Cambuslang Bridge to Strathclyde Country Park

For most of this section the path stays close to the River Clyde. It passes Bothwell Castle, David Livingstone Centre, the remains of Craighead Viaduct and Raith Haugh Nature Reserve. This section of the path ends at the Watersports Centre in Strathclyde Country Park. The nearest railway station is approximately 1 mile (1.6 km) away at Motherwell on both the West Coast Main Line and Argyle Line. This section is 14 kilometres (8.7 mi) in length.
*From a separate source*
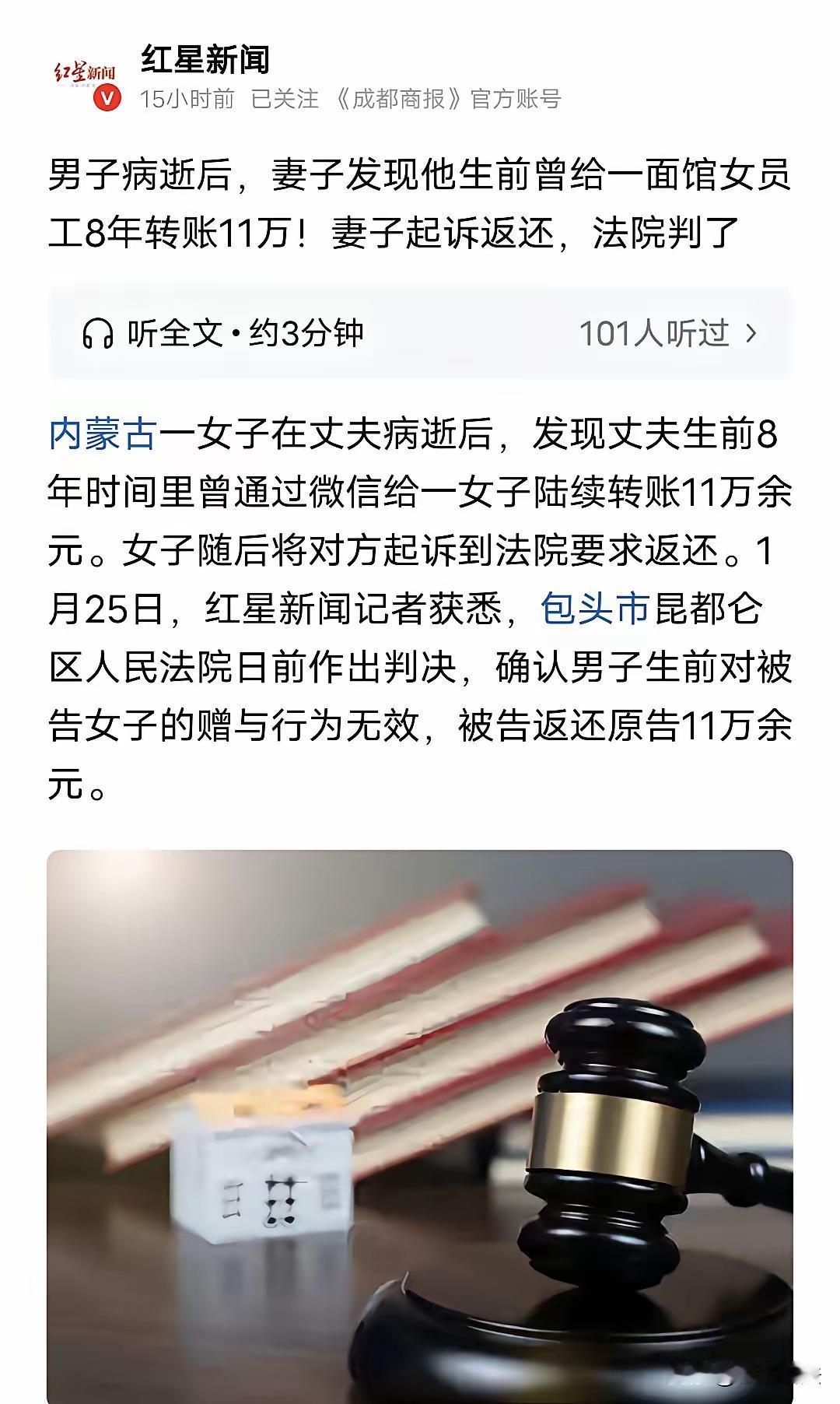 内蒙古,女子的丈夫病逝后,她收拾遗物发现丈夫在8年里给一面馆女员工转了117362元,她去找女员工要说法,女员工却说:他转钱给我,是让我帮他储值卡、买礼盒、买饭卡用,这钱我一分没拿,都是他消费了。见女员工死活不承认,女子一气之下告上法院。 内蒙古的郭女士还没从丧夫之痛里缓过来,丈夫王某走得突然,没留下只言片语,家里的大小事都压在她肩上。 她抱着丈夫的旧手机,想翻翻过去的照片聊以慰藉,点开微信支付账单的那一刻,手指却像被钉住般动弹不得。 账单密密麻麻,全是转给同一个人的小额转账:几十块、几百块,偶尔还有几块钱的零碎金额,没有备注,没有特殊数字。 从2017年到2025年,整整8年,一笔笔累加起来,总数竟有117362元。 11万多,对普通工薪家庭来说,是大半年的收入,是孩子的学费,是老人的医药费。郭女士只觉得脑子发懵,浑身发冷。 收款人名叫郭某乙,既不是亲戚,也不是朋友。多方打听才知道,这人是家连锁面馆的女员工,丈夫生前常去那吃面。 郭女士强压着怒火找到面馆,郭某乙见了她倒显得坦然,张口就来:“大姐,你别多想,王哥是老顾客,转的钱都是让我帮他充储值卡、买礼盒的,我一分没拿,全是他消费了。” 她还特意补充:“你看这八百多笔转账,要是有猫腻,怎么会没有520、1314这种数?纯粹是吃饭的开销。” 这话听着像那么回事,郭女士心里也犯过嘀咕:难道真是自己想多了? 可静下心来一算,就算天天顿顿吃面,8年11万,平均每天得花30多块,而且丈夫总有在家吃饭、出差的时候,哪来这么多消费? 郭女士要求看充值记录、消费小票,郭某乙却支支吾吾,拿不出任何凭证。 被逼到份上,郭女士没再退让,一纸诉状把郭某乙告上了法院。她的诉求很明确:这钱是夫妻共同财产,丈夫未经同意私自赠与,应全额返还。 法庭上,郭某乙依旧坚持“消费款”的说辞,可面对法官的质问,她拿不出任何能证明王某消费的证据,没有充值记录,没有提货签字,没有消费清单。 网友们看了这事也炸了锅:“8年八百多笔,平均三天一笔,这哪是吃饭,分明是细水长流的补贴!” “女员工拿不出证据就是心虚,真要是正常消费,面馆能没有记录?” “夫妻共同财产可不是说着玩的,一方偷偷给外人转钱,本身就不合法。” 还有人戳破关键:“就算是储值,花不完也该有余额,总不能一分不剩刚好用完11万,还分毫不差?” 法院审理后给出了明确判决:王某转账的117362元属于夫妻共同财产,他未经郭女士同意,私自向郭某乙转账,属于无权处分,该赠与行为无效。 同时,王某长达8年的隐秘转账,违背了夫妻忠实义务和公俗良俗,给郭女士造成了财产损失和精神伤害。最终判决郭某乙全额返还117362元。 这事看着是钱的纠纷,实则戳破了婚姻里最伤人的背叛。王某生前看似老实,却用八百多笔转账,给妻子埋下了一颗“定时炸弹”。 他以为细水长流就不会被发现,却忘了纸包不住火。婚姻里的信任一旦崩塌,哪怕人已不在,伤害也会延续。 好在郭女士清醒又勇敢,用法律捍卫了自己的权益。也给所有夫妻提了个醒:共同财产不是一人的私产,任何处分都该坦诚相待。 你觉得这判决合理吗?如果是你遇到这种事,会怎么做?欢迎在评论区聊聊~

Strathclyde Country Park to Cardies Bridge

This section, which is 14 kilometres (8.7 mi) long, follows the north bank of the River Clyde (apart from a short section at the end) through open country. It passes the Avon Walkway which can be followed to Chatelherault Country Park. The section ends at Cardies Bride which is 5.1 kilometres (3.2 mi) from the closest train station at Wishaw.
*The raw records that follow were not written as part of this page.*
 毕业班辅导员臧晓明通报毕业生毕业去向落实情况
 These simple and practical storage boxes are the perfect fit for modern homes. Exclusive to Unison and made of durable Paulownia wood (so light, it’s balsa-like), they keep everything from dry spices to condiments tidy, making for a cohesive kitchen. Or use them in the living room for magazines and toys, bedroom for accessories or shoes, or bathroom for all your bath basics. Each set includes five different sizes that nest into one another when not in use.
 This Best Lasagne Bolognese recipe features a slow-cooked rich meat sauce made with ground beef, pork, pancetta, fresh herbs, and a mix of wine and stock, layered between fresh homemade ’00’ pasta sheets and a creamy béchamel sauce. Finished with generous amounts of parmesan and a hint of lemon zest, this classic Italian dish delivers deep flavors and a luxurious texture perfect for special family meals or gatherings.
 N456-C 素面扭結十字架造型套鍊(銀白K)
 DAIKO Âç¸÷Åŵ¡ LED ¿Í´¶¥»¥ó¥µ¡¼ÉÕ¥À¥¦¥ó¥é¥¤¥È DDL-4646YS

Cardies Bridge to Crossford

This 10 km (6.2 mi) section runs through attractive open countryside. This part of the Clyde Valley was famous for its orchards and greenhouses. Many remain, though few of the orchards are still in commercial production. The path passes the well preserved 16th century Craignethan Castle. This section ends at the village of Crossford. There are bus services to Lanark, and to Hamilton. The nearest railway station is approximately 5.6 kilometres (3.5 mi) away, uphill at Carluke.

Crossford to New Lanark

This section, which is 11 kilometres (6.8 mi) long, is arguably the most attractive section of the path. The path proceeds through open country along the banks of the River Clyde. It first passes Stonybyres Hydroelectric Station. This was built in 1927. The falls here are 21 metres high and migrating salmon and sea trout cannot get any higher up the river. After passing Lanark (founded 1180) the path enters the UNESCO World Heritage village of New Lanark. The village and mills were built in the 18th century to harness the power of the River Clyde to process cotton. It is now a restored industrial village in a rural setting. Beyond the village the path enters the Falls of Clyde Nature Reserve and passes the Bonnington Hydroelectric Station, and the remaining three Falls of Clyde. The most spectacular of these is the 28-metre-high Corra Linn.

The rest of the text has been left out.